A special room with strict security and temperature and humidity controls the most ancient works. The library's collection of over 4000 manuscripts include volumes from the SiratIbnIshaq, the earliest collection of Islamic and the famous Muwatta of Imam Malik written on gazelle parchment. There is a treatise on the Maliki school of Islamic jurisprudence. Its 200 pages of gazelle leather are inscribed with tiny immaculate calligraphy dotted with embellishments in gold ink. There is also a 12thcentury copy of the Gospel of Mark in Arabic.

Another precious possession is a ninth-century copy of the Qur'an, written in ornate Kufic script on camel skin given to the university by Sultan Ahmed Al-Mansur Al-Dhahabi in 1602. The library has the original handwritten and signed copy of the historian and philosopher Ibn Khaldun's Al-'Ibar, "Book of Lessons." "Praise be to God, what is written belongs to me," reads a line in Ibn Khaldun's elegant handwriting and an original copy of Muqaddimah. It also has a treatise on medicine by the philosopher and physician Ibn Tufayl from the 12th century. "From baldness to corn on the foot, all ailments of the body are listed — in verse, to make them easier to learn. There is also a 12th-century manuscript — a treatise inastronomy by philosopher Al-Farabi — shows the course of the planet Jupiter, complete with drawings of astonishing precision.

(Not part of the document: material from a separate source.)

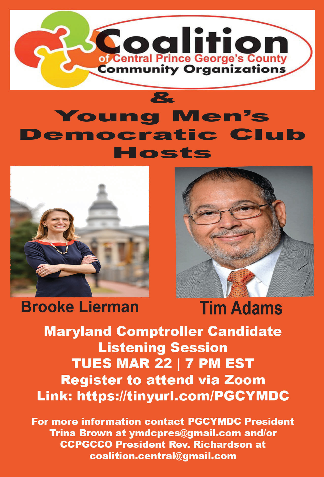 The Coalition of Central Prince George’s County Community Organizations (CCPGCCO) and the Young Men’s Democratic Club of Prince George’s County (YMDC) are hosting the Maryland Comptroller Candidate Listening Session with Brooke Lierman and Tim Adams. We will have PGCPS CEO Dr. Monica Goldson as our special guest who will address us before the candidate’s listening session starts.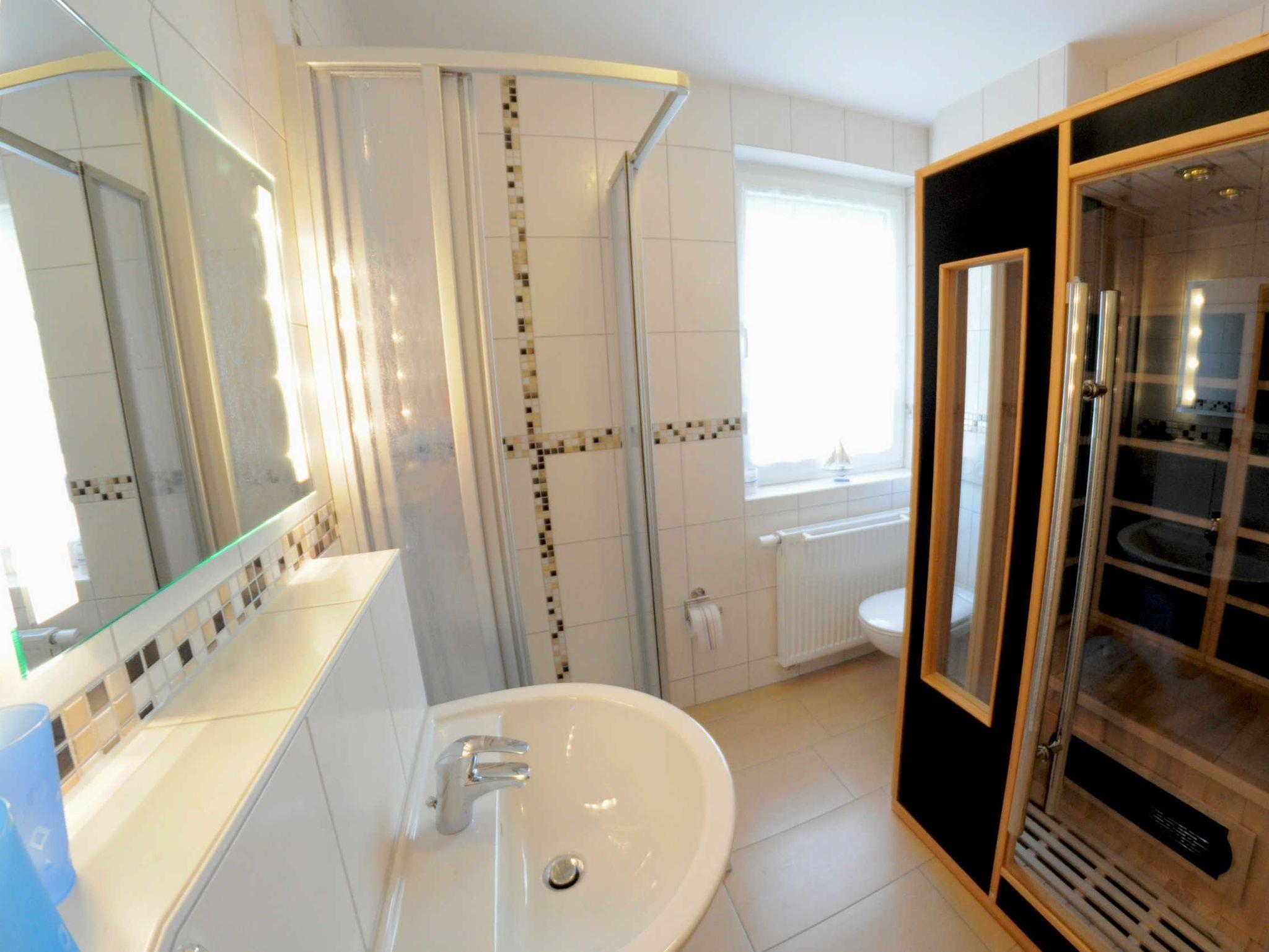 Das Obergeschoss-Appartement verfügt über eine identische Ausstattung wie das Erdgeschoss. Hier befindet sich eine Infrarot-Sauna im Duschbad/WC. Der möbilierte Balkon verfügt über ein Elektrogrill. Eine Babyausstattung bestehend aus Kinderreisebett und Hochstuhl können gern bei Bedarf kostenfrei zur Verfügung gestellt werden.

History shows that early Muslim women reformers were authentic exemplars of modern economic and social philosophies that have become modern fetishes. More important, the early role models were altruistic whereas many of their present day peers are driven more by selfish impulses.

What's important about Fatima al-Fahiri's story is that she creates not only a sense of pride for younger girls, but also a sense of possibility. In her, they can see the story of women's resilience and vision.